Employer Regular Contributions for the year ending December 31, 2000 were determined as follows:
2.2% of the first $30,000 of a participant’s compensation;
5.2% of the next $10,000 of a participant’s compensation;6.0% of the next $25,000 of a participant’s compensation;
6.4% of the next $35,000 of a participant’s compensation;
2.95% of the next $60,000 of a participant’s compensation; and
0% above $160,000 of a participant’s compensation.
If participants elect to receive their Employer Regular Contribution in the form of common stock of Fahnestock Viner Holdings Inc. ("Holdings"), the Company may make an additional contribution of Holdings common stock up to or equal to 15 percent of the purchase price of the common stock (the "Employer Stock Contribution") at the discretion of the Directors of the Board.

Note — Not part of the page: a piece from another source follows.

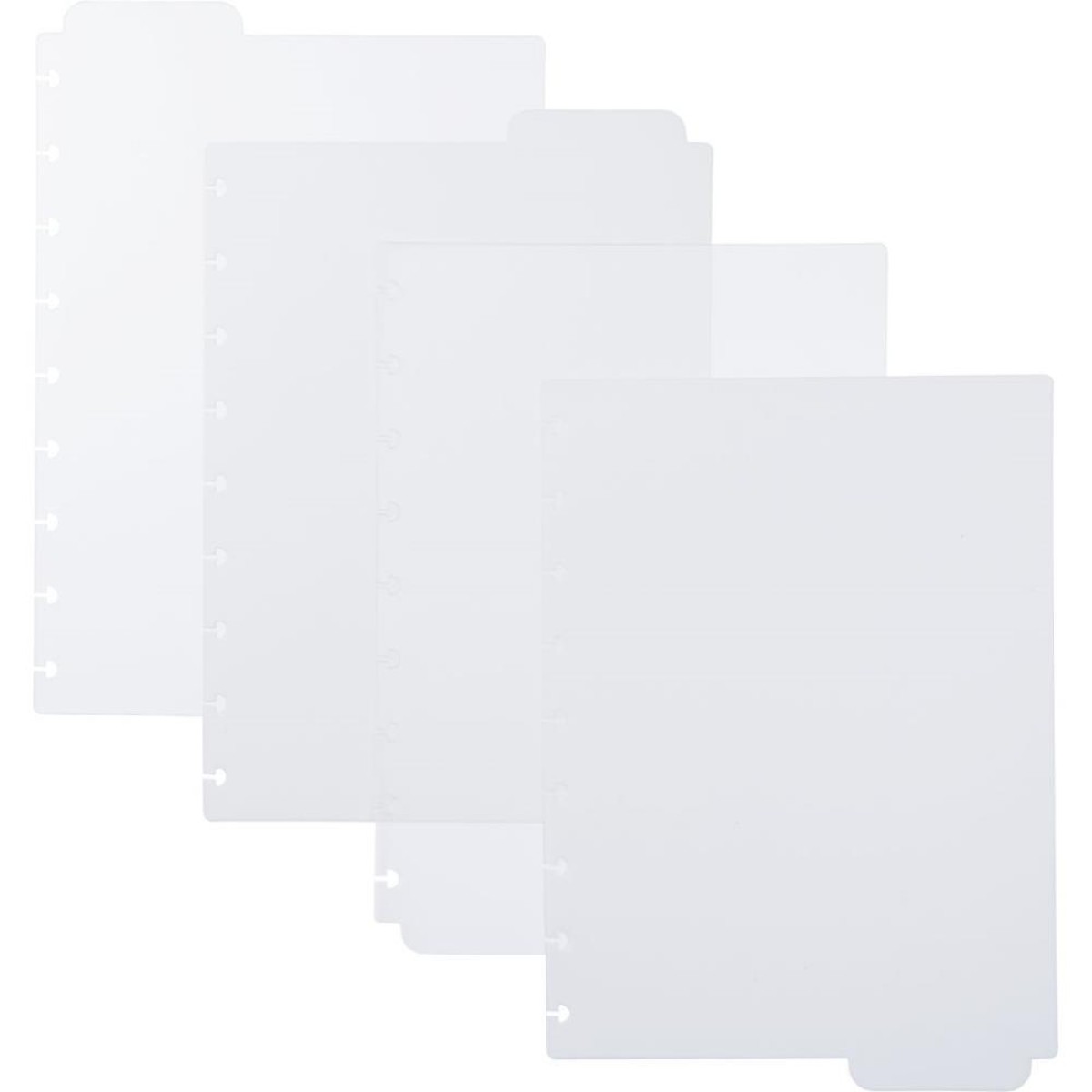 Contem 4 divisorias, sendo 02 transparentes e 02 branco gelo com abas para identificacao.

For the year ended December 31, 2000 the total Company contribution was approximately $2,503,000 plus approximately $188,000 which was contributed by the Company as an Employer Stock Contribution from forfeited accounts.

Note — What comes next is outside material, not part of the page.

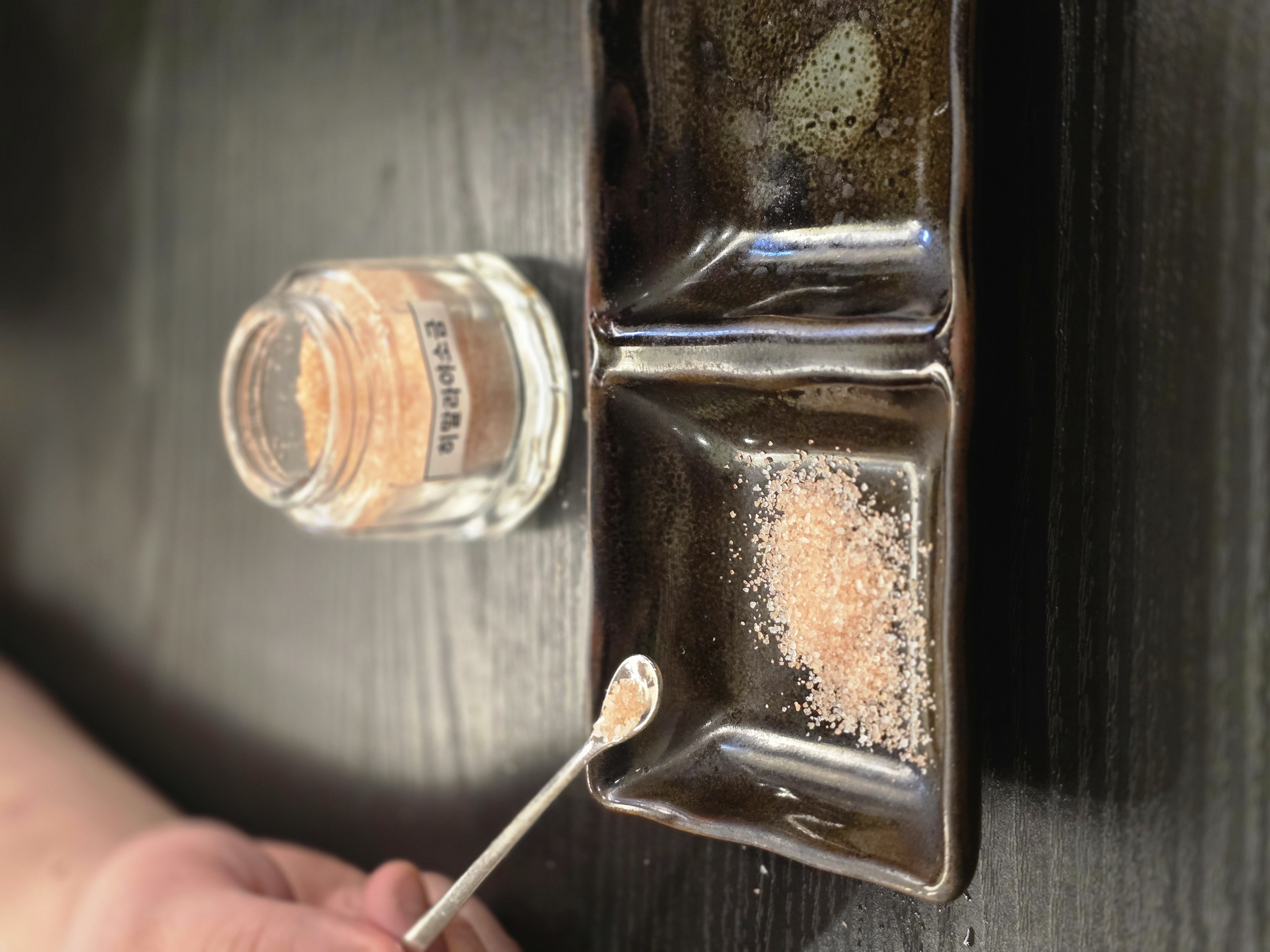 음식 기다리면서 핑크솔트랑 돈까스 소스도 먼저 덜어뒀어요!!

Employees may make salary deferral contributions of up to 14% of compensation. Current law limits participant deferrals to $10,500 for the plan year ended December 31, 2000.
Vesting
All participants are immediately and fully vested in all Employee Elective Deferrals and the income derived from the investment of such contributions.
Participants will be vested in Employer Regular Contributions plus the income thereon upon the completion of service with the Company or an affiliate at the following rate:
Less than 3 years of service 0%
After 3 years of service 20%
After 4 years of service 40%
After 5 years of service 60%
After 6 years of service 80%
After 7 years of service 100%
All years of service with the Company or an affiliate are counted to determine a participant’s nonforfeitable percentage except years of service before the Plan was restated in 1991. Participants will be 100 percent vested in the additional portion of the Employer Stock Contributions only upon completion of 5 years service.

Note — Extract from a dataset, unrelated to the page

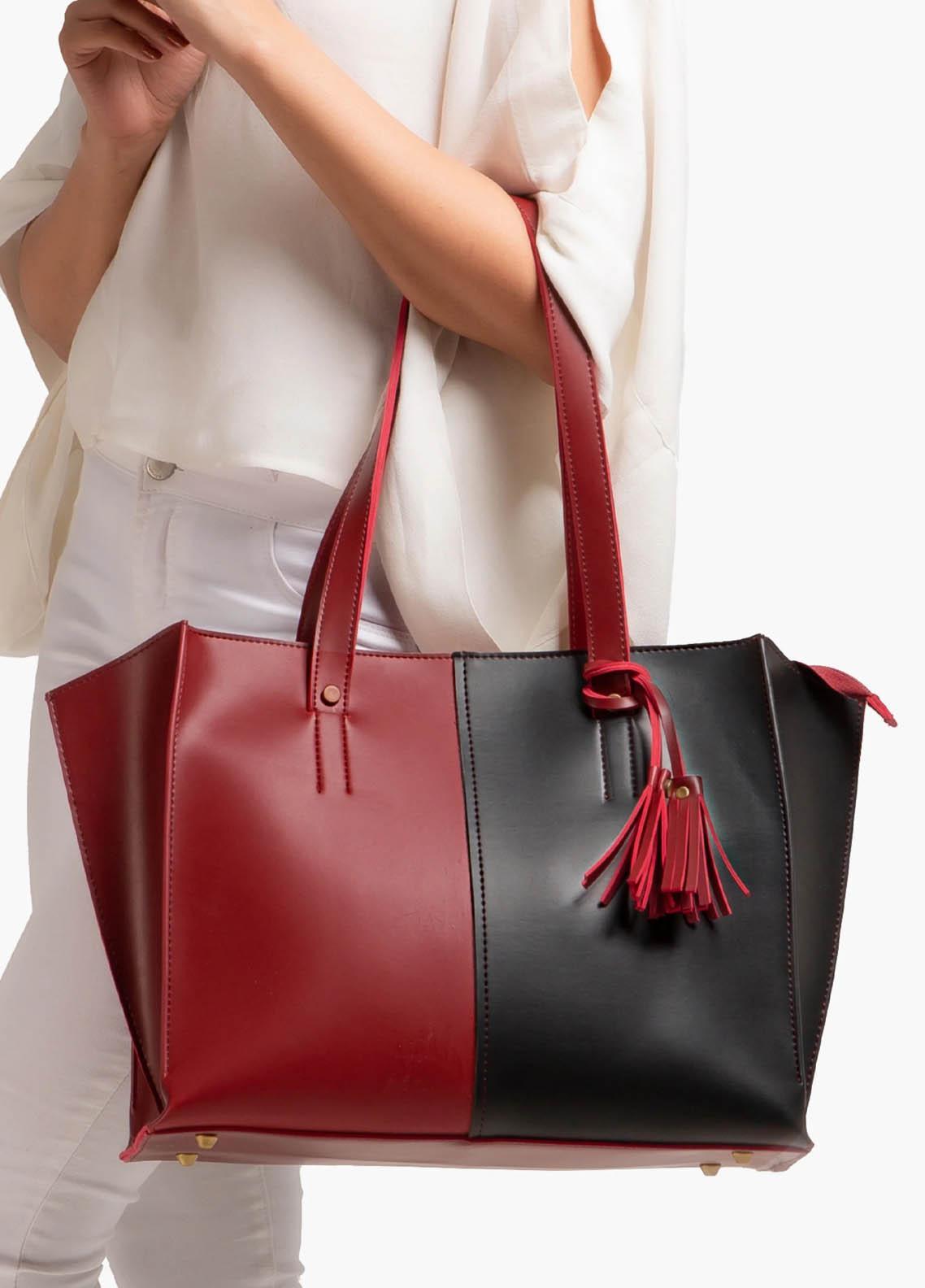 Original Leather Tote Bags For Women In Black & Red Color With Shoulder Strap Large Space Fashion Hand Bags For Ladies

At December 31, 2000, forfeited nonvested accounts totaled approximately $939,000. These accounts will be used to reduce future employer contributions. The 2000 employer contributions included approximately $188,000 from forfeited nonvested accounts.
Company Qualified Matching and Qualified Non-Elective Contributions as defined in the Plan document, if required, are fully vested when made. No payments under these provisions were required during the year ended December 31, 2000.
Notwithstanding the vesting schedules specified above, with respect to retirement, a participant’s right to his or her accounts will be nonforfeitable upon the attainment of: the later of age 65 or the fifth anniversary of the participation commencement date; death; or disability, as defined.
Payment of benefits
Payment of vested benefits under the Plan will be made in the event of a participant’s termination of employment, death, retirement, or financial hardship and may be paid in either a lump-sum distribution or over a certain period of time as determined by IRS rules or by participant election.
Loans to participants
Loans are made available to all participants. Loans must be adequately collateralized using not more than fifty percent of the participant’s vested account balance and bear a fixed interest rate of 8%. Loan principal and interest payments are applied to fund balances from which proceeds were drawn unless otherwise specified by the participant.
Income tax status
The Plan received a determination letter on August 2, 1994, from the Internal Revenue Service (IRS) qualifying the Plan under the IRS code as exempt from Federal income taxes. The Plan has been amended since receiving the determination letter. However, the Plan administrator believes that the Plan continues to be designed and operated in compliance with the applicable requirements of the Internal Revenue Code.